What this task involves. Please retype the records below exactly, leaving out any pictures.

━━━━

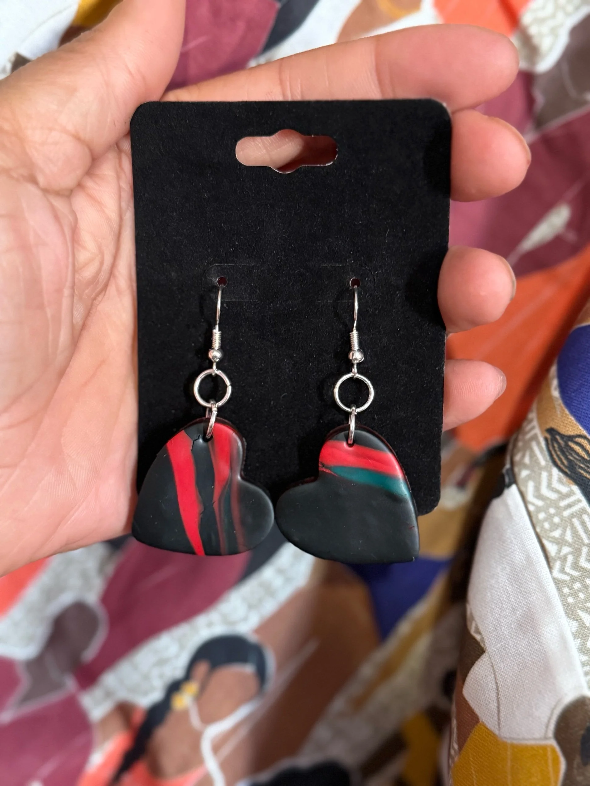 Medium heart earrings. Each pair of our earrings are handcrafted with love. Material is polymer clay. Our earrings are unique and one of a kind.
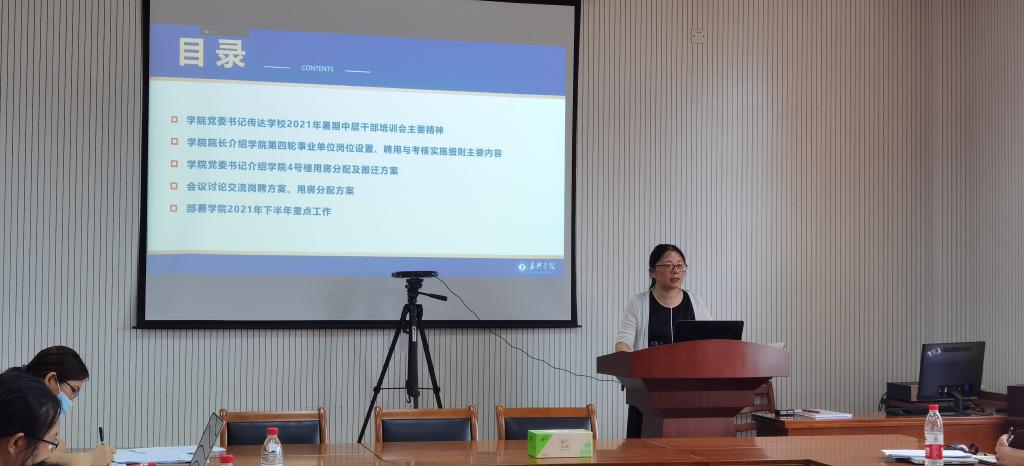 会议总结了2021年上半年学院的主要工作,对下半年重点工作进行部署安排。新学期学院将认真贯彻落实“七一”重要讲话精神,继续深入开展党史学习教育,全面配合做好省委巡视准备和整改工作,有序平稳完成4号楼办公用房设计、装修和搬迁工作,加强学院安全稳定等工作。
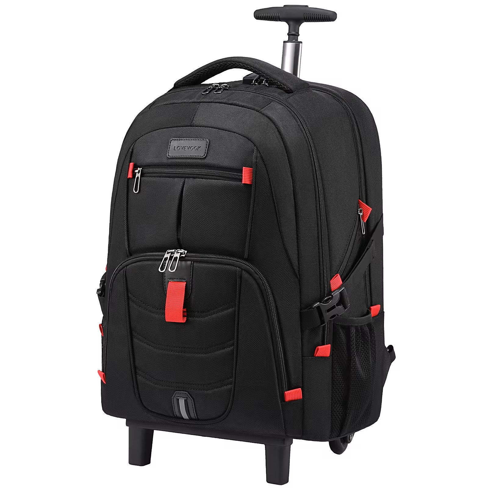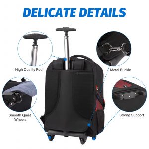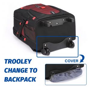 Large capacity Backpack with trolley: Top pocket, front access pocket, padded laptop compartment.
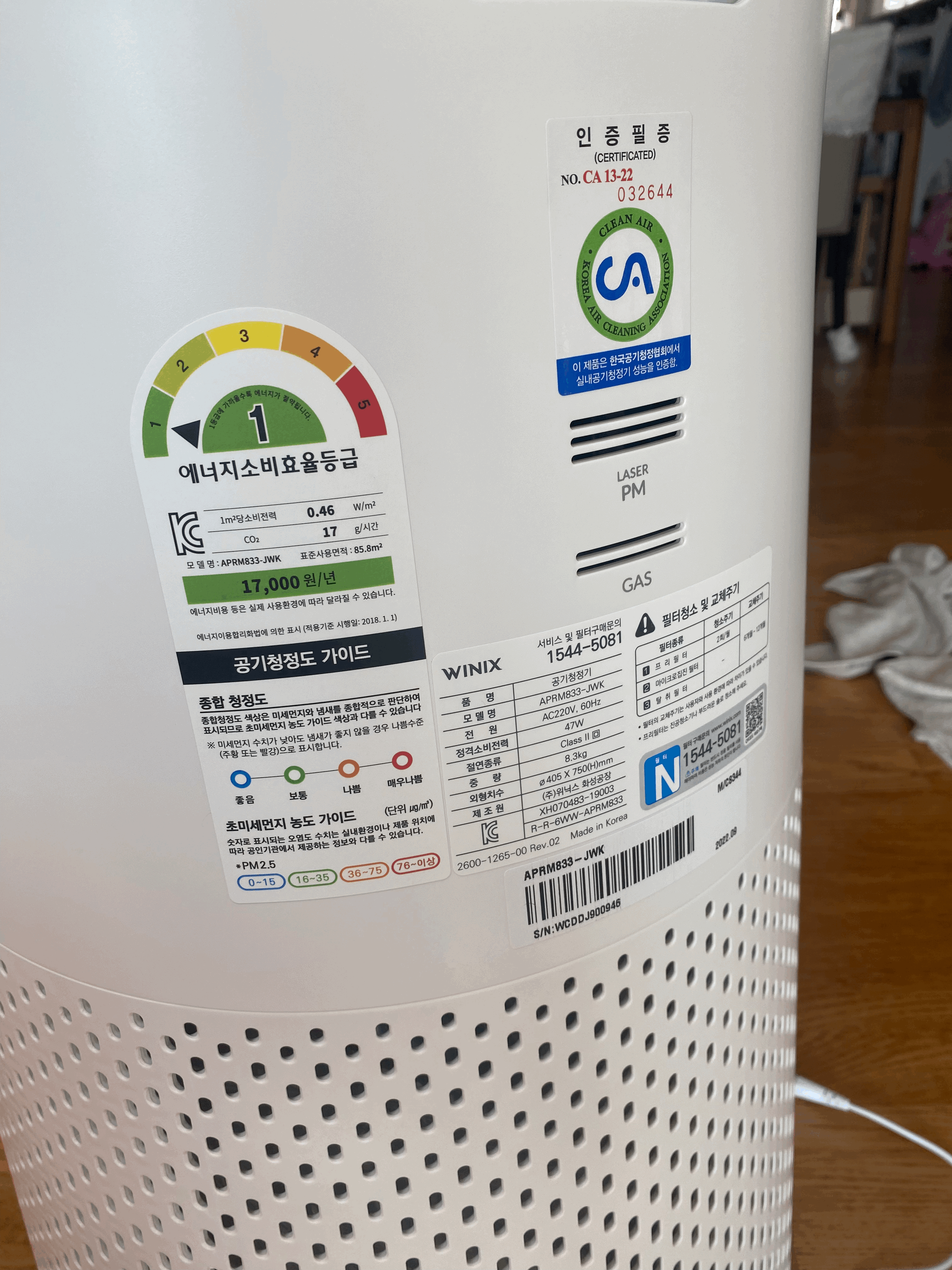 회사가 말하길 반드시 있어야 한다는 CA 인증마크 있다 공기청정기라면 이게 있어야 한단다.
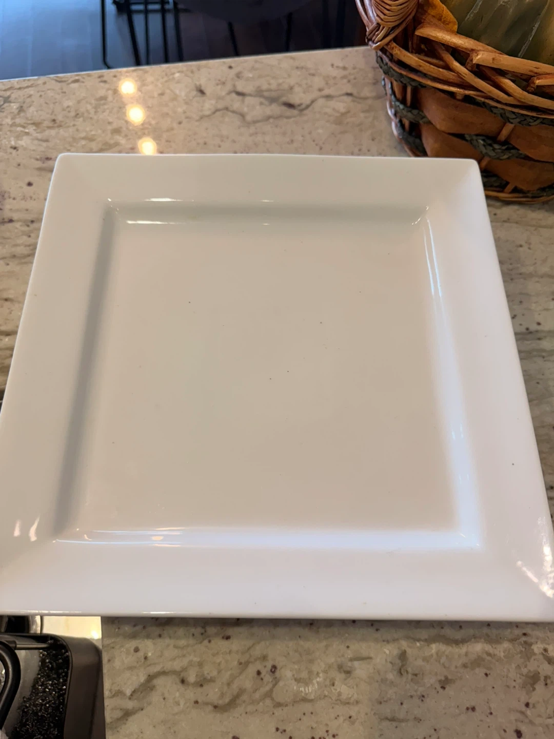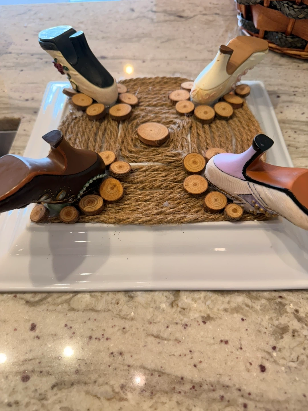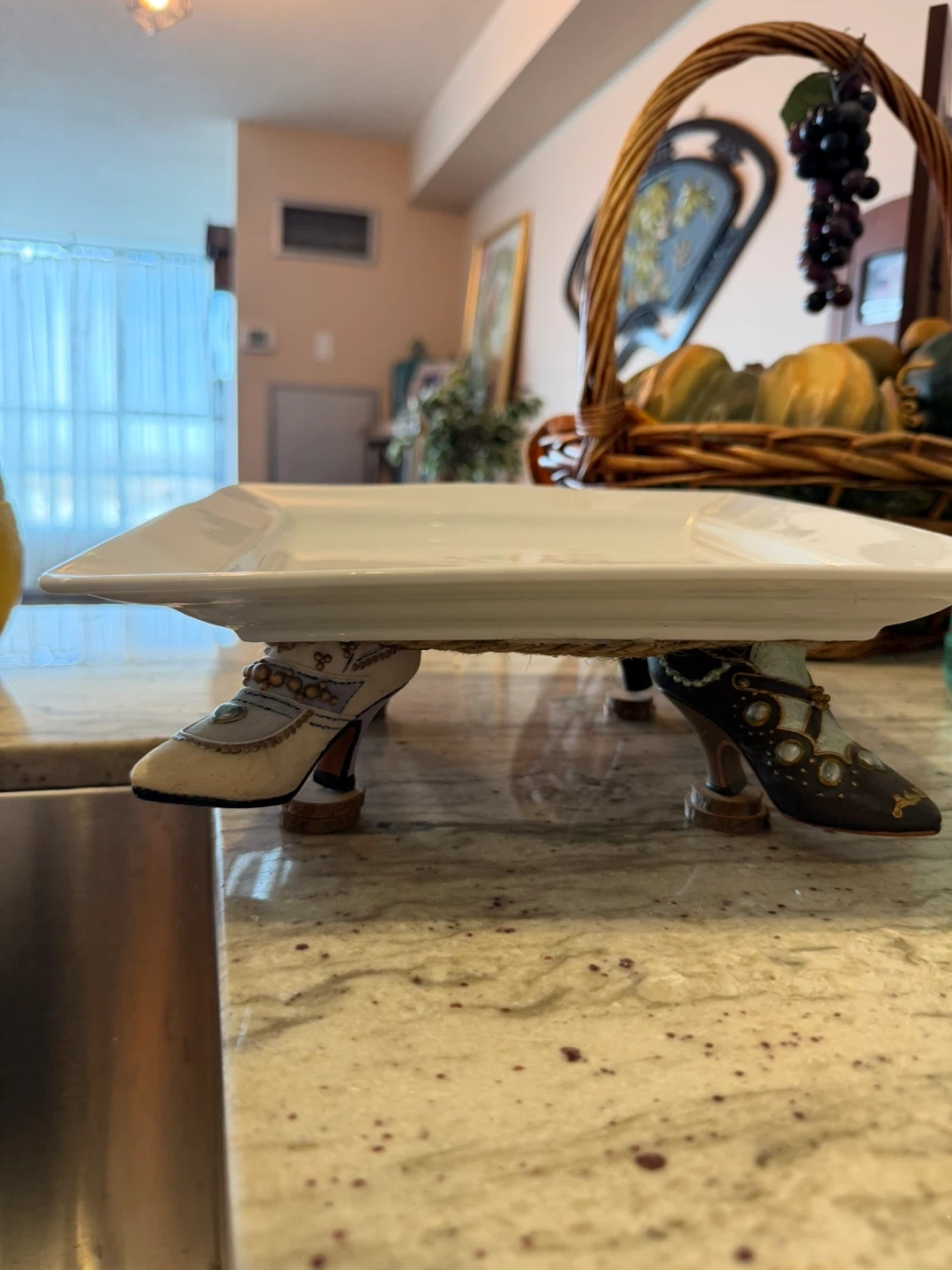 Square white serving platter with four decorative shoe-shaped legs. It's made of ceramic with a rope and wood accent design. This unique piece is perfect for displaying appetizers or desserts!
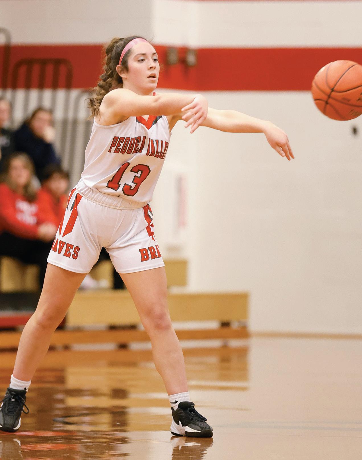 The Braves’ Morgan Graham whips a pass to an open teammate on Monday, February 19, in the opening round of the District Three Class AAA playoffs. The Braves defeated Upper Dauphin 49-42.
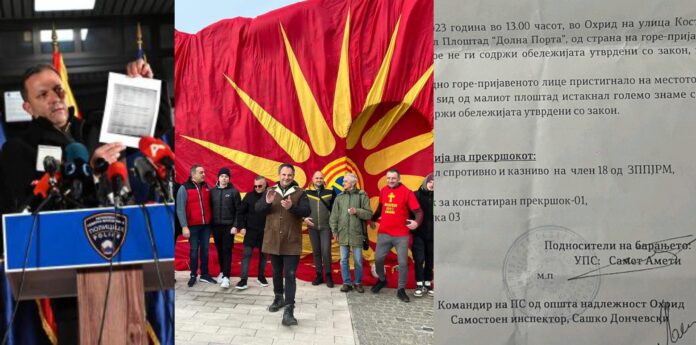 Полицаецот Самет Амети е потпишан како подносител на пријавата од СВР Охрид кон охриѓанецот Александар Ѓурчев за истакнувањето на знаме со сонцето од Кутлеш.
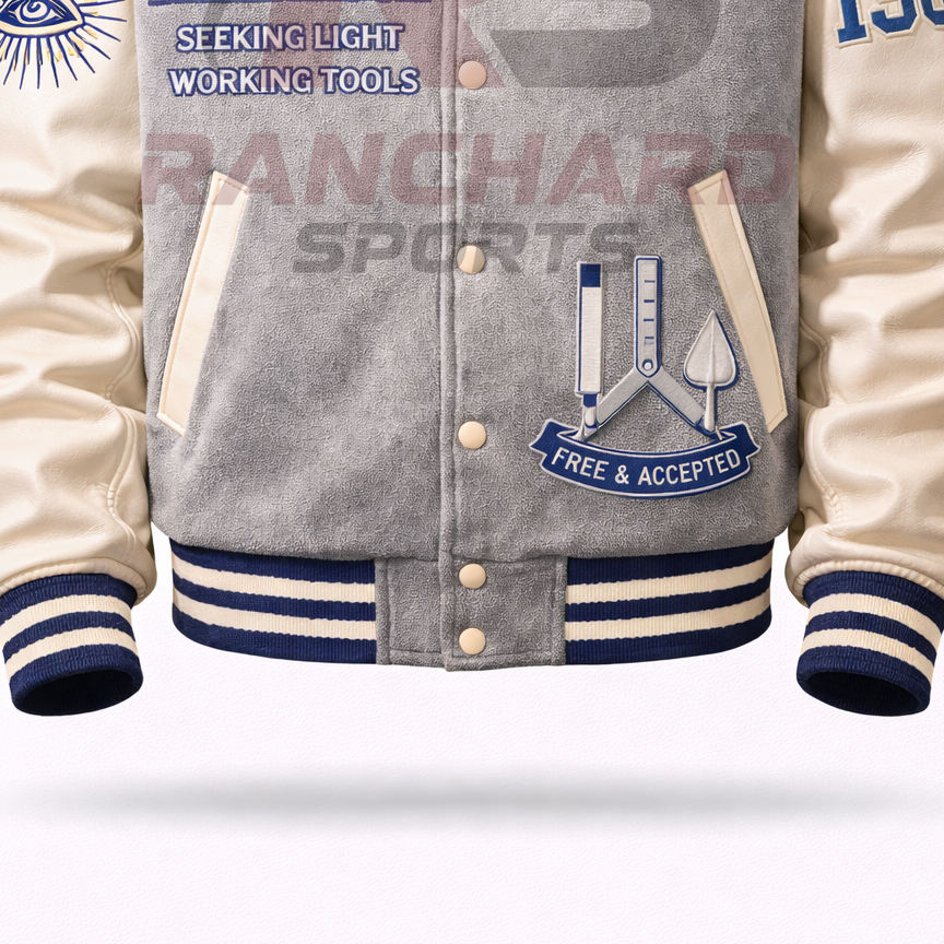 Veste universitaire personnalisée d'inspiration maçonnique – Corps en laine de qualité supérieure avec manches en cuir PU et symboles brodés

━━━━

Result for this exercise.
 Medium heart earrings. Each pair of our earrings are handcrafted with love. Material is polymer clay. Our earrings are unique and one of a kind.
 会议总结了2021年上半年学院的主要工作,对下半年重点工作进行部署安排。新学期学院将认真贯彻落实“七一”重要讲话精神,继续深入开展党史学习教育,全面配合做好省委巡视准备和整改工作,有序平稳完成4号楼办公用房设计、装修和搬迁工作,加强学院安全稳定等工作。
 Large capacity Backpack with trolley: Top pocket, front access pocket, padded laptop compartment.
 회사가 말하길 반드시 있어야 한다는 CA 인증마크 있다 공기청정기라면 이게 있어야 한단다.
 Square white serving platter with four decorative shoe-shaped legs. It's made of ceramic with a rope and wood accent design. This unique piece is perfect for displaying appetizers or desserts!
 The Braves’ Morgan Graham whips a pass to an open teammate on Monday, February 19, in the opening round of the District Three Class AAA playoffs. The Braves defeated Upper Dauphin 49-42.
 Полицаецот Самет Амети е потпишан како подносител на пријавата од СВР Охрид кон охриѓанецот Александар Ѓурчев за истакнувањето на знаме со сонцето од Кутлеш.
 Veste universitaire personnalisée d'inspiration maçonnique – Corps en laine de qualité supérieure avec manches en cuir PU et symboles brodés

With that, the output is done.